What is required: Extract the full listing verbatim and drop any pictures from your copy.

==== Data shown ====

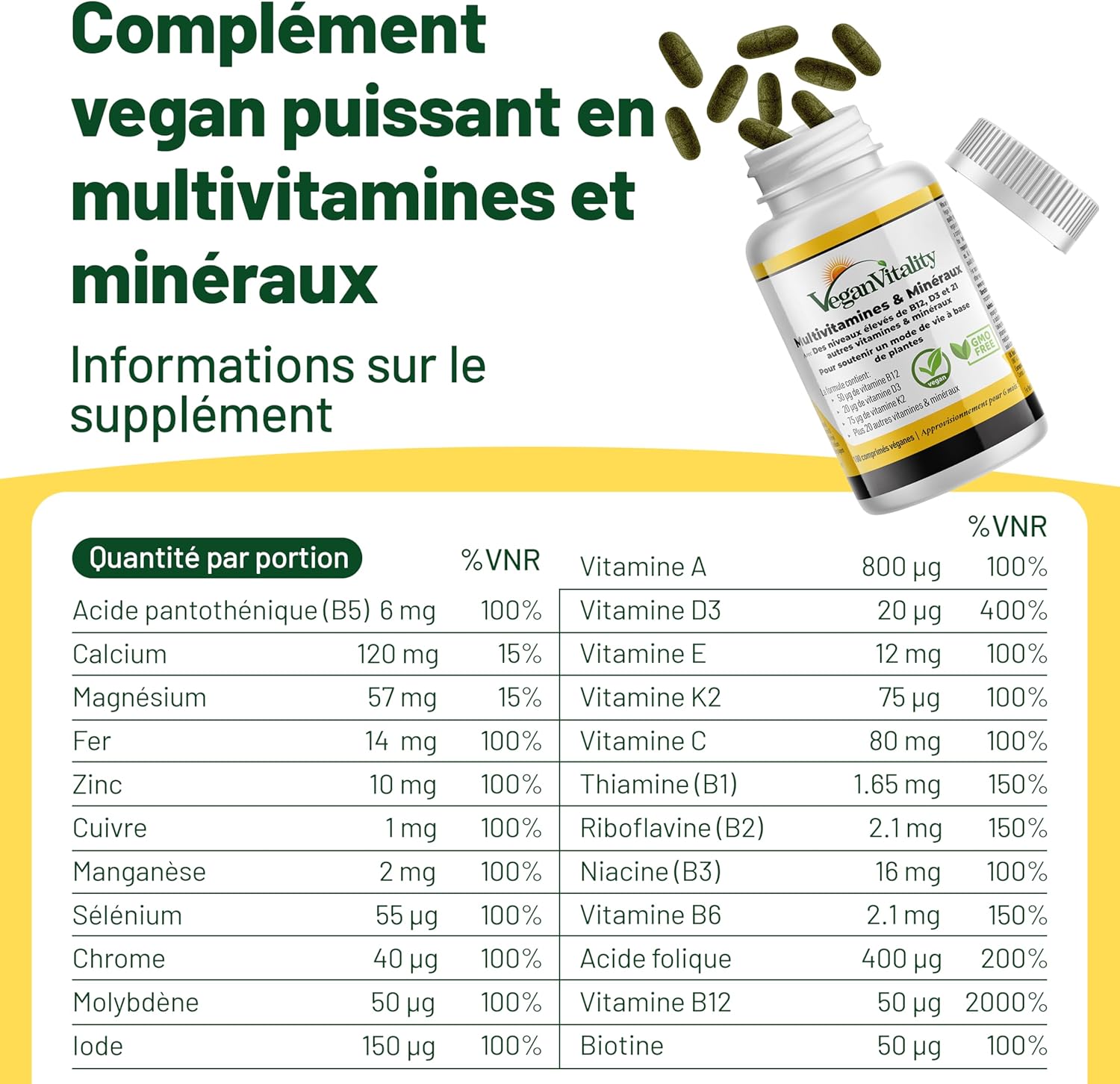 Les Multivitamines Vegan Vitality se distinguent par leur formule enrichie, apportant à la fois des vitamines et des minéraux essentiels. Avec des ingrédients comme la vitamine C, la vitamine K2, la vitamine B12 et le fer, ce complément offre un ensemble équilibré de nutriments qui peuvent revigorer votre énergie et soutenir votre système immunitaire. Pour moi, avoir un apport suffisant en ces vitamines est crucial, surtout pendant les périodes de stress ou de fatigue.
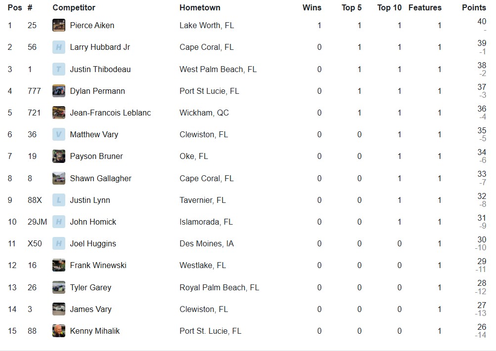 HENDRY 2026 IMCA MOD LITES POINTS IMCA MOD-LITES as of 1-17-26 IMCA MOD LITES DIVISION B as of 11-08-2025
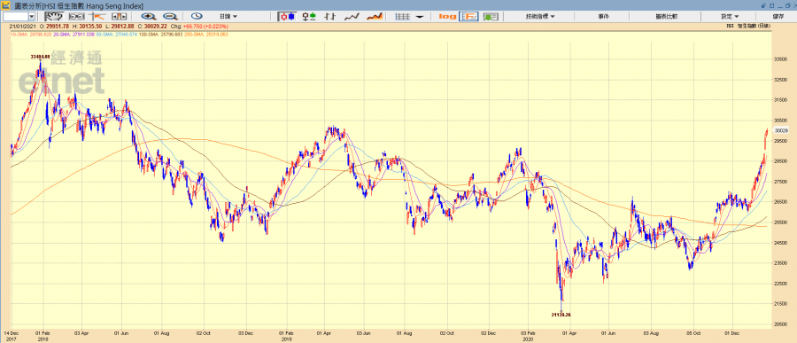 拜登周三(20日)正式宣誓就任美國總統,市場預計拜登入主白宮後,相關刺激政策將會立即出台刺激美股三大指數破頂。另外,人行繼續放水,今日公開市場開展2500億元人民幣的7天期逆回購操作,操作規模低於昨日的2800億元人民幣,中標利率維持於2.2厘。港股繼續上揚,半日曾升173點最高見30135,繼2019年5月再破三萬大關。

====

Exercise output:
 Les Multivitamines Vegan Vitality se distinguent par leur formule enrichie, apportant à la fois des vitamines et des minéraux essentiels. Avec des ingrédients comme la vitamine C, la vitamine K2, la vitamine B12 et le fer, ce complément offre un ensemble équilibré de nutriments qui peuvent revigorer votre énergie et soutenir votre système immunitaire. Pour moi, avoir un apport suffisant en ces vitamines est crucial, surtout pendant les périodes de stress ou de fatigue.
 HENDRY 2026 IMCA MOD LITES POINTS IMCA MOD-LITES as of 1-17-26 IMCA MOD LITES DIVISION B as of 11-08-2025
 拜登周三(20日)正式宣誓就任美國總統,市場預計拜登入主白宮後,相關刺激政策將會立即出台刺激美股三大指數破頂。另外,人行繼續放水,今日公開市場開展2500億元人民幣的7天期逆回購操作,操作規模低於昨日的2800億元人民幣,中標利率維持於2.2厘。港股繼續上揚,半日曾升173點最高見30135,繼2019年5月再破三萬大關。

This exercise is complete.